On May 31st, Patti Smith will appear on Peyote Dance, an album with the experimental musicians of the Soundwalk Collective. The New York-based group are known for making new art out of “found sounds” – everything from antenna effects to old classical recordings. The new album will include “Ivry,” a new song with lyrics written by Smith that pay tribute to the French poet Antonin Artaud, who died in 1948.

The Soundwalk Collective wrote it with instruments that included Mexican Tarahumara guitars from the valley where Artaud wrote 1947’s The Peyote Dance, where the poet describes his experiences on the drug in Mexico a decade earlier – and a transcendental experience that followed. The musicians of the Soundwalk Collective traveled to the cave where the poet lived and gathered stones, sand, leaves and instruments to “awaken the landscape’s sleeping memories.”

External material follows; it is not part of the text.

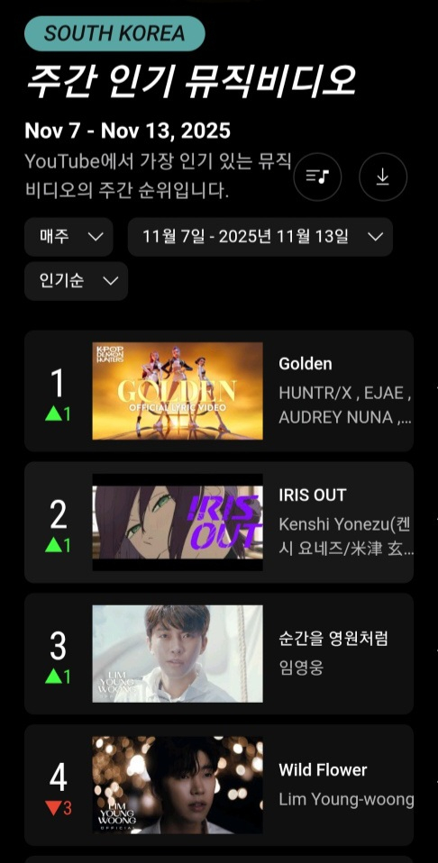 11월 7일~11월 13일자 유튜브 한국 주간 인기뮤직비디오 1위는 넷플릭스 '케이팝 데몬 헌터스' OST 'Golden'이 올랐으며, 2위는 일본 애니메이션 '체인소맨 레제편' 극장판 OST 'IRIS OUT'이 올라 임영웅의 존재감을 더욱 빛나게 했다.

“Taking peyote in those regions, you have the feeling that everything is communicating with you as it was for Artaud – nothing has changed,” said Stéphan Crasneanscki, the founder of Soundwalk Collective. “On an atomic level, there is no separation between you and any other organism: trees, leaves, flowers, but also stones and sand. There is no duality. Everything is embedded, everything has a soul, and the soul is timeless. We are not alone. These sonic spaces are pre-existing to us and will exist after us, to be able to listen to them is an act of presence.” Smith then listened to and improvised over their tracks: “For a moment,” she said, “one is Artaud.” The video includes footage of the poet’s legendary performance in the Passion of Joan of Arc, along with the last images of him in his chair.

The Peyote Dance is the first of three albums to be released by the British indie label Bella Union which will take inspiration from three French poets: Antonin Artaud, Arthur Rimbaud and René Daumal.